The Australian Tamil Information Service pointed out on Tamilsydney.com that, "the government of Sri Lanka has been detaining Tamil Internally Displaced People (IDPs) arbitrarily and indefinitely under close military guard in barbed wire fenced concentration camps'".
Most of these camps "remain out of bounds for anyone. Aid agencies, humanitarian workers, the media as well as relatives of the detained are denied access to these camps".
Sri Lanka's policy of placing those fleeing the conflict zone into concentration camps violates its duties under international law which bans the arbitrary detention of civilians during internal armed conflicts.
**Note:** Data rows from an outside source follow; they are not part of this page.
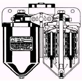 Figure 9-4.-Primary fuel metal-edge strainer. either strainer to be completely cut out of the system for cleaning or repair while all of the fuel flows through the other strainer. Figure 9-4 shows a typical metal-edge strainer. A magnified view of a portion of the element is shown in figure 9-5. The fuel flows from the outside to the inside. In Navy-approved strainers, the spaces between the leaves, or ribbons, which act as fuel passages, are between 0.001 and 0.0025 inch. The pressure drop across these strainers must not be allowed to exceed 1.5 psi when a fuel flow is equal to the full capacity of the fuel pump. In some engines, a duplex strainer is placed between the fuel supply tank and the transfer pump and, during operation, may be working under a vacuum. The secondary, cartridge-type, fuel filter contains elements that must conform to Navy specifications. The pressure drop across clean and new elements should not be allowed to exceed 4.5 psi. The elements should be changed when the pressure drop reaches the value specified in the manufacturers instruction book. The sump of the filters and strainers should be drained as often as practicable, preferably when the fuel is flowing. |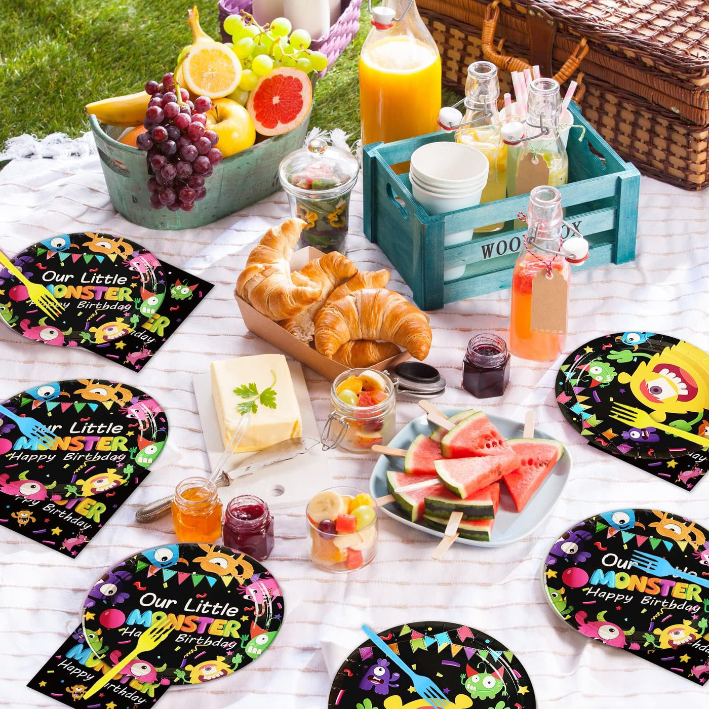 • Q: Do the plates and napkins come with any specific design? A: Yes, the plates and napkins feature colorful monster designs that enhance the festive mood of the party.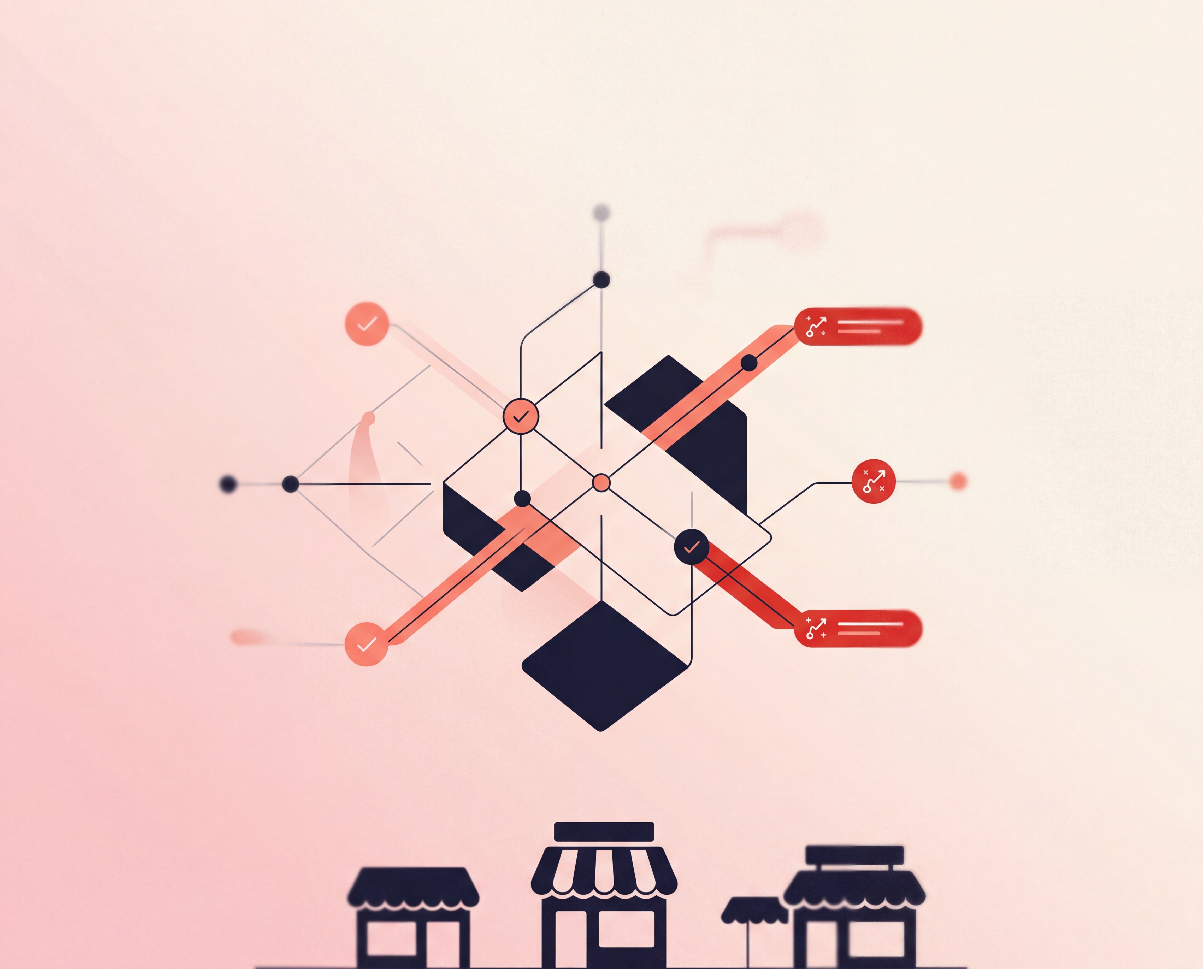 Abstract visualization of AI agents recommending local businesses in Tampa with connected nodes and data streams
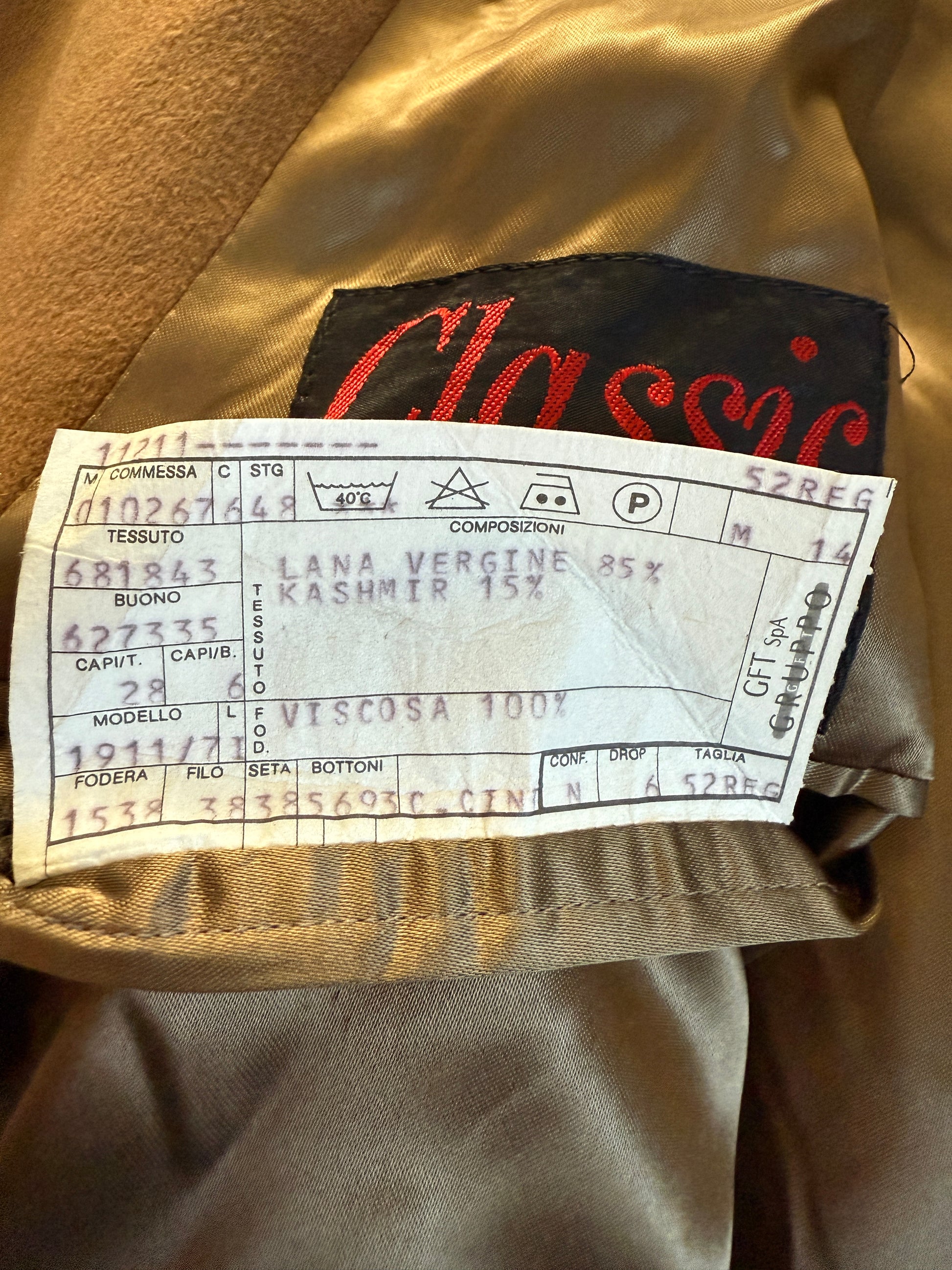 Taglia in etichetta 52: veste bene una 50 o 52 come soprabito (sopra a una giacca), e fino a una 54 se portato con meno strati sottostanti.
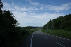 町外れの森から常盤の牧草地を掠め、頓別川の谷へ下ってゆく。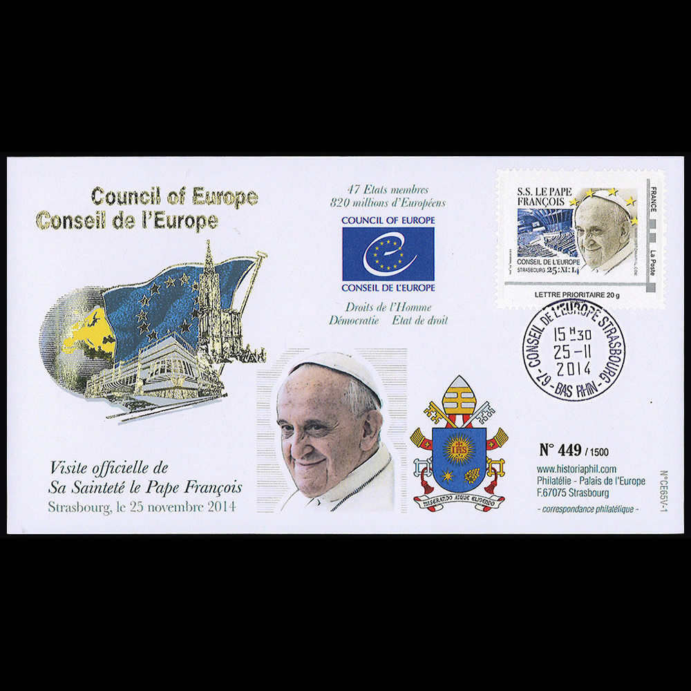 - Postage France (TYPE 1) Personalized Stamp IDTimbre© Priority Letter (BLUE) "Official visit of His Holiness Pope Francis to Council of Europe 25.XI.2014"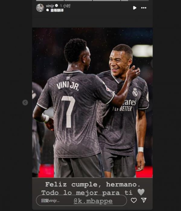 维尼修斯晒出两人合照,并配文:“生日快乐,兄弟。祝你一切顺利@姆巴佩”。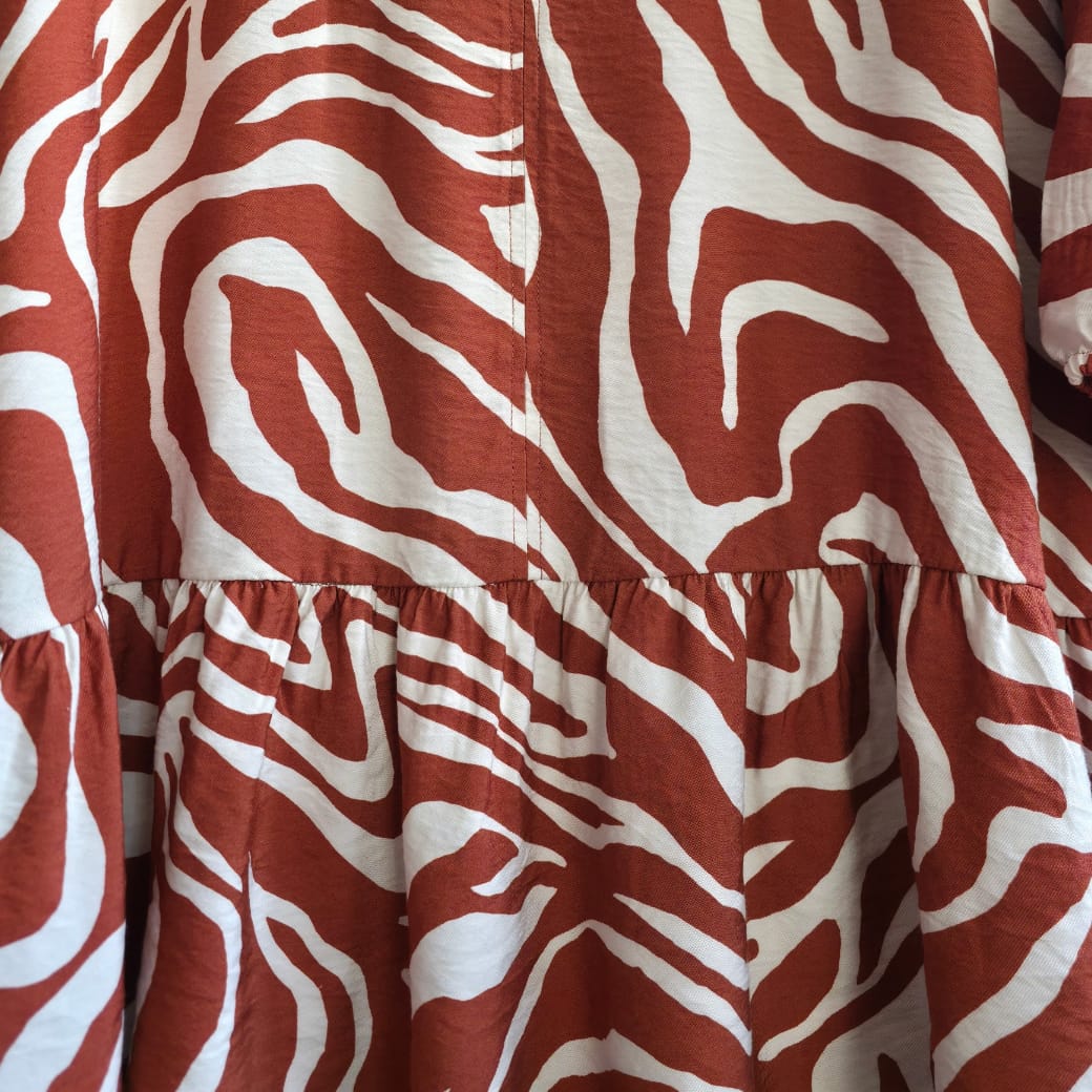 Rochie scurtă casual cu imprimeu zebră, decolteu în V, volănașe în partea de jos, mâneci lungi cu elastic, material lejer de primăvară-vară. Disponibilă atât în magazin cât și pe site cu livrare rapidă în toată România.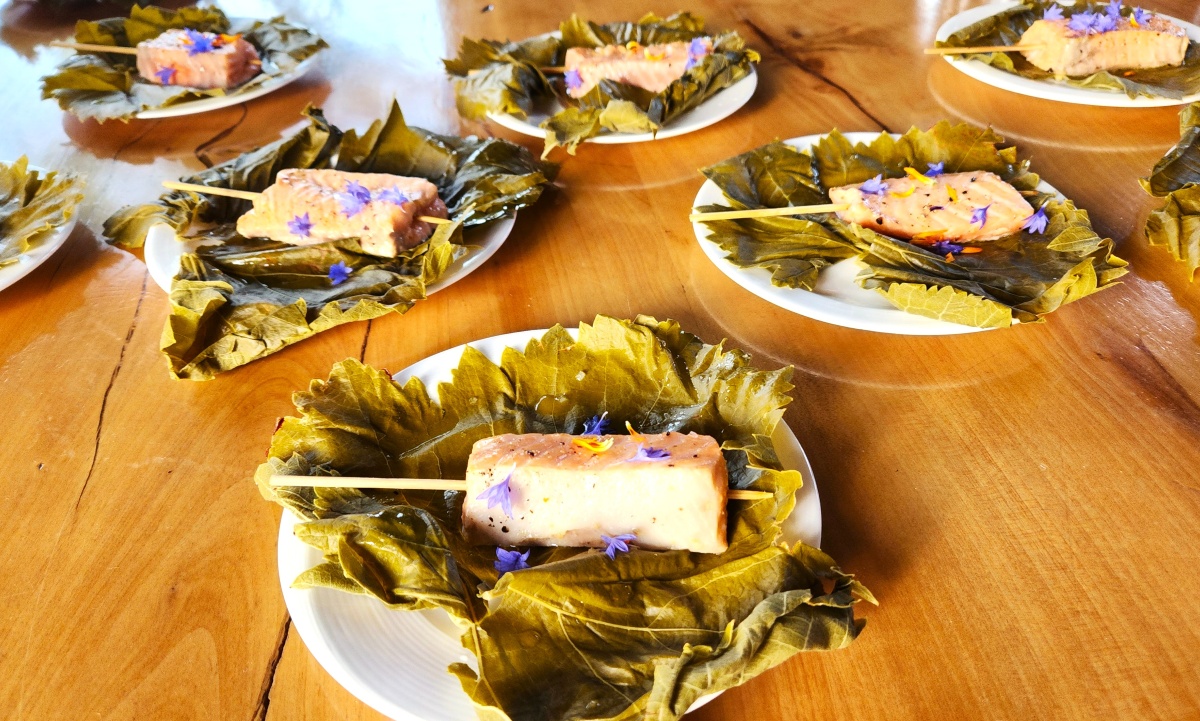 Bruchette of Alaskan King Salmon, paired with their 2022 Sangiovese. (L.Compisi)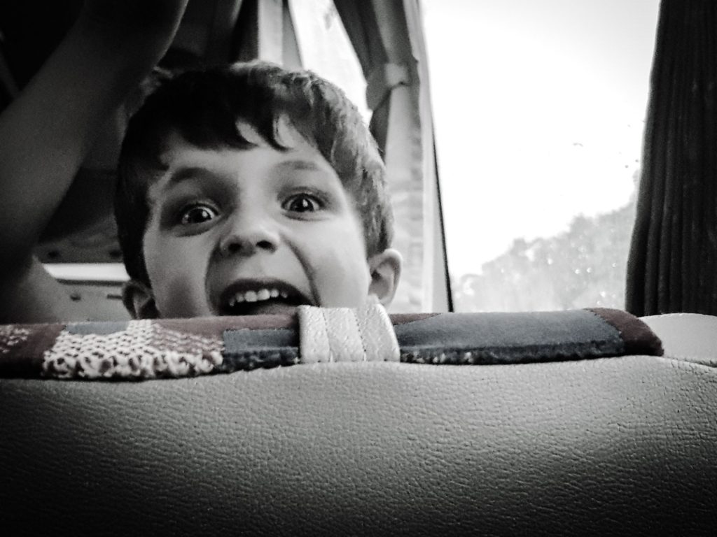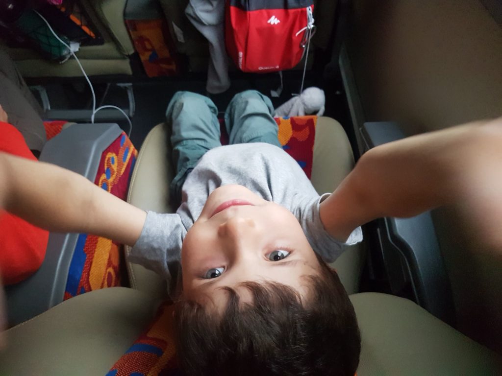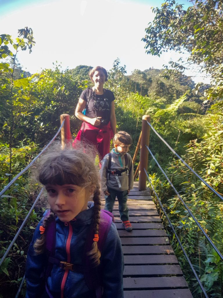 Une fois à bord, c’est sous la pluie (il paraît qu’ici il pleut tous les après-midi) que nous nous installons pour 5 heures de route et une longue sieste pour petits et grands !…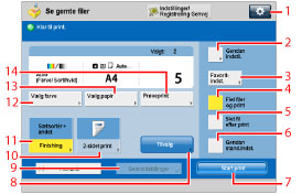 3 | [Skift antal kopier] Tryk for at angive antallet af print, hvis der er valgt flere filer. Denne tast bliver kun vist, hvis der er valgt flere filer. |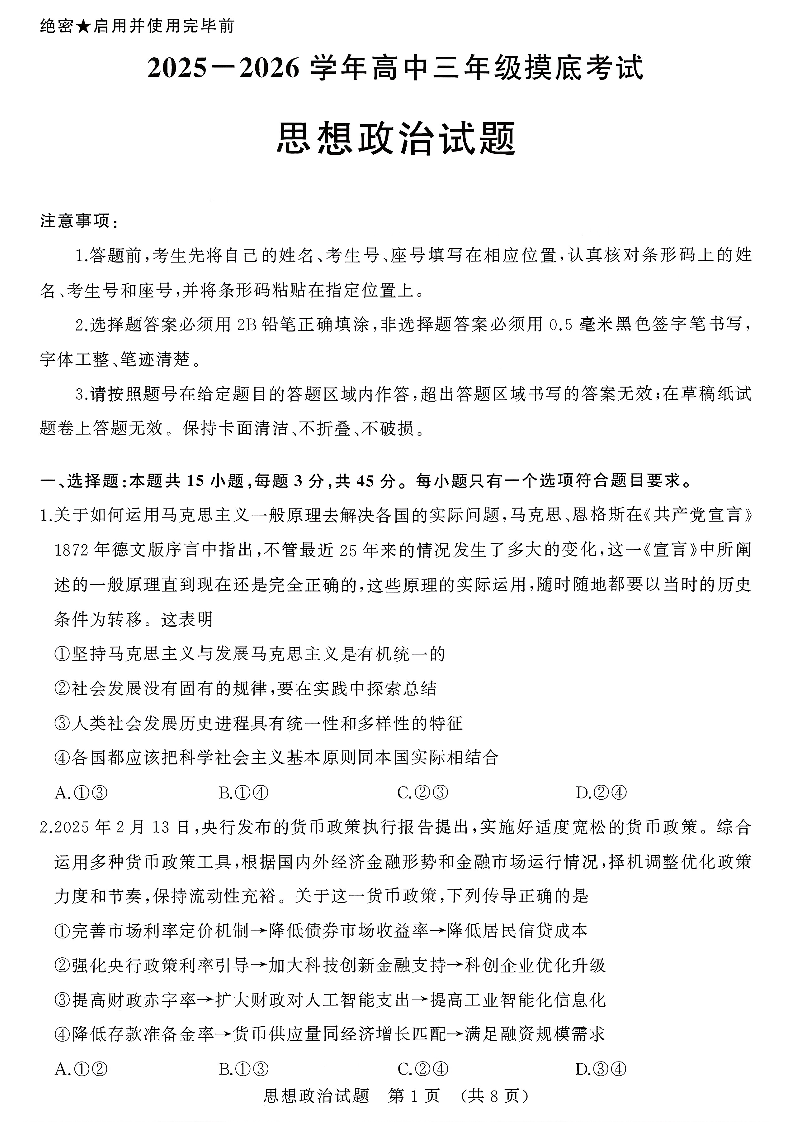 济南市2025-2026学年高三开学摸底考试 政治.pdf
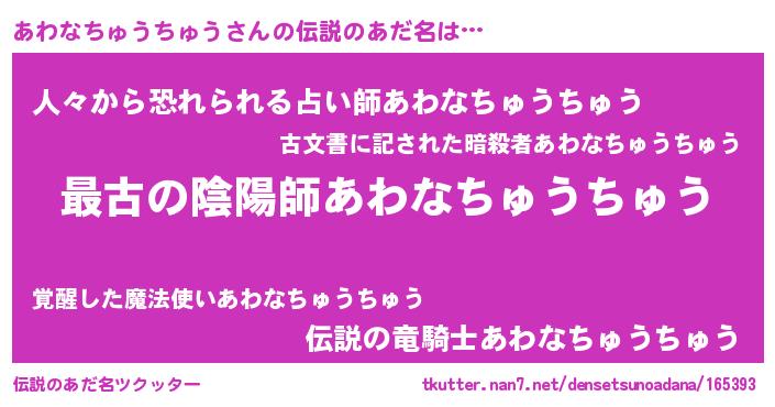 | ヒーロー風カッコイイあだ名 | 『ウルトラあわなちゅうちゅうマン』 |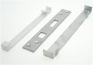 A rebated component set is used to convert a mortice lock with a flat forend, into a full rebated lock.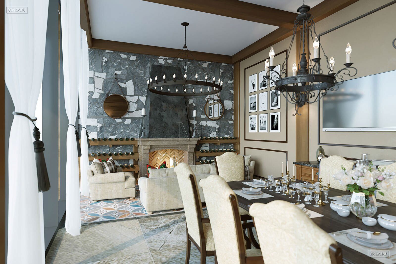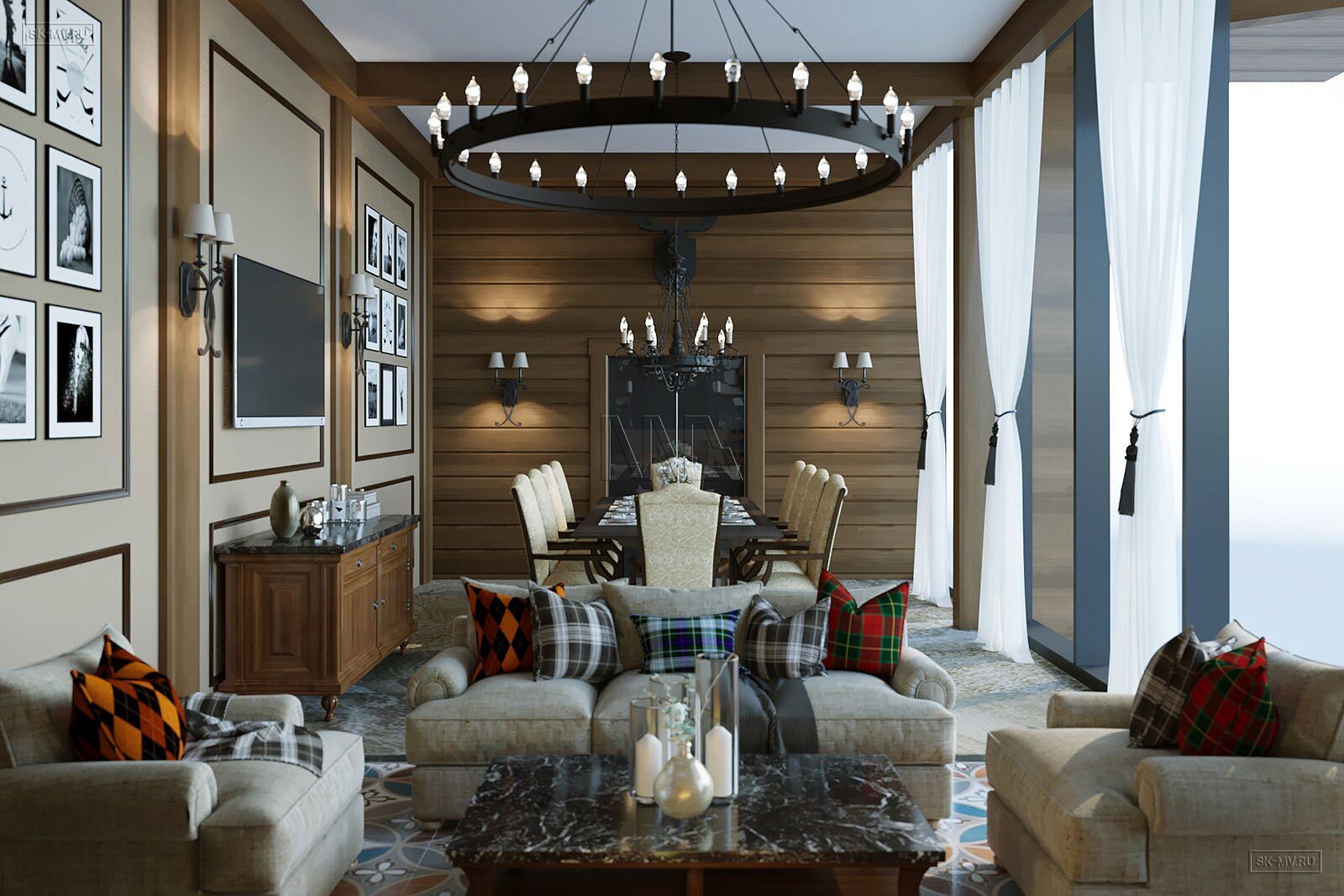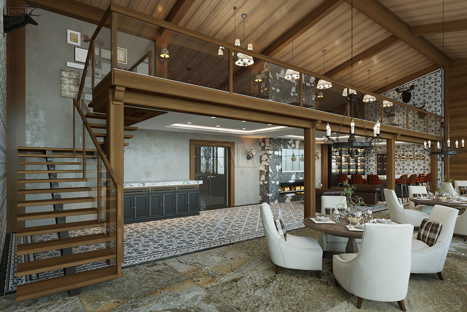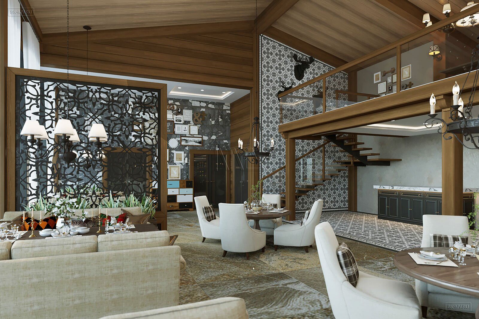 На фотография представлен интерьер клубного дома, которые был оформлен на территории гольф-клуба.

"In addition", ATIS said, "hundreds of men and women, some of whom are only teenagers, have been taken into secret detention or disappeared during the 'screening processes' for IDPs who arrive from the LTTE-administered areas <193> Infants, as young as 6 months old, are also confined in these concentration camps."
Fear of imprisonment by the government, not fear of the LTTE, is the real reason Tamil civilians remain in the safe zone.
Internationally, protests in support of the Tamils are beginning to have an impact. Canada's foreign minister Lawrence Cannon told reporters on April 9 that Canada had asked the Sri Lankan government to agree to an immediate ceasefire.
Yet Canada, along with the US, England, France and Australia, has refused to impose trade sanctions or cut foreign aid to Sri Lanka as Tamil protesters are demanding.
Western governments could use such diplomatic means to force the Sri Lankan government to stop the genocide and negotiate a peaceful solution.
Their failure to do this makes them the silent partners of this genocide.